バレーボール王国・北海道江別市の秘密 "世界のリベロ" 山本智大選手の父が築いた「美しいプレー」の伝統 羽ばたく未来の選手たち
■バレーボールのマチ 北海道・江別市
北海道が誇る大スター、大泉洋さんの出身地として知られる江別市。
札幌市に隣接する人口約12万人のマチだ。この江別市、バレーボール選手がとにかく多い。
パリ五輪で活躍した山本智大選手をはじめ、ウルフドッグス名古屋の渡辺俊介選手、女子ではJTマーヴェラスの塩出仁美選手も江別市出身だ。道内のクラブチームにも江別出身の選手たちが多数いる。
なぜここまでバレーボール選手が多いのか、
その裏には山本智大選手の父、山本忠文さん(64)の存在があった。
忠文さんは中学教師として江別市内で男子バレーボール部を指導していた。
山本智大選手も在籍していた江別中央中では、全国大会優勝の経験もある名将として北海道のバレーボール界では知らない人はいないほどの存在だった。
忠文さんに教えられた選手たちが、バレーボール選手となり活躍を続けているのだ。
■実は"選手経験のない" バレーボールの名将
実は忠文さん、意外にも選手としてのバレーボール経験は一切なかった。
「新冠の学校に新卒で配属されたんです。女子バレー部監督がいなくなって要請されたのがキッカケでしたね。『やるんだったら北海道大会くらいは行きたいなぁ』くらいに思っていた」
選手たちのほとんどは、監督同様にバレーボール未経験者ばかり。しかし、7年間の在籍中に、全道大会に4度も出場した。
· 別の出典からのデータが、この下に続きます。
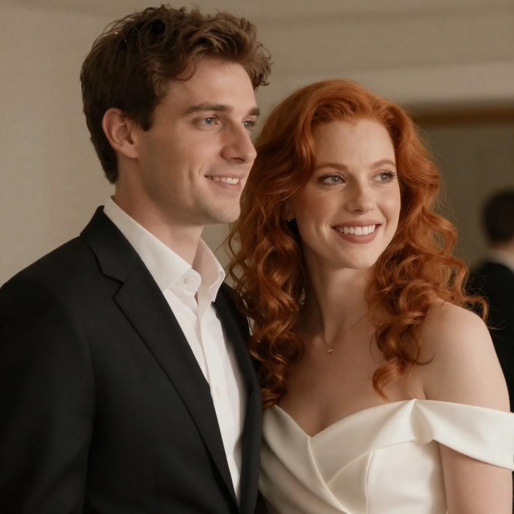 Photograph of a blonde woman with large, curled hair and heavy eyeliner, leaning her head against a man in a black suit and glasses. She has a pensive expression. The man looks forward, slightly smiling. A lamp is on the right. Background is blurred. Two people.

石狩市の中学校に転勤したあとは男子バレーボール部を全道3位に。
その後、江別中央中学校に赴任し、在籍5年目で全道優勝し、ここから6連覇を達成。2001年には北海道では初となる全国優勝を果たした。
■「美しいプレー」を信じ続けた名将の教え
なぜ、ここまでの実績を残すことができたのか。
「私から見て、“美しいプレー”というのがあるんです。美しいプレーというのは、体の理にかなった自然なプレーかどうか。それを見る目は長けていたと思う。ひとつひとつプレーで、ボールをしっかり拾っていても“おかしい”と感じたりダメでも“いまのはいい”と。そういうのが私の中にある。そういう方向に指導していった」
経験がない分、自分が思う美しいプレーを見極め、子どもたちを指導してきた忠文さん。
選手たちのレベルはどうだったのか。
「普通の子がほとんどですよ。すごいなと思ったのは5人くらいですかね。渡辺俊介(現・ウルフドッグス名古屋)、東海大学付属札幌高の監督をしている松田修一。あとは息子の智大(パリ五輪代表・大阪ブルテオン所属)とか。すごい選手ってそんなにいない。未経験者もいましたから」
江別中央中は公立。様々なバックグラウンドを持つ子供たちをまとめあげ、黄金時代を築いたのだった。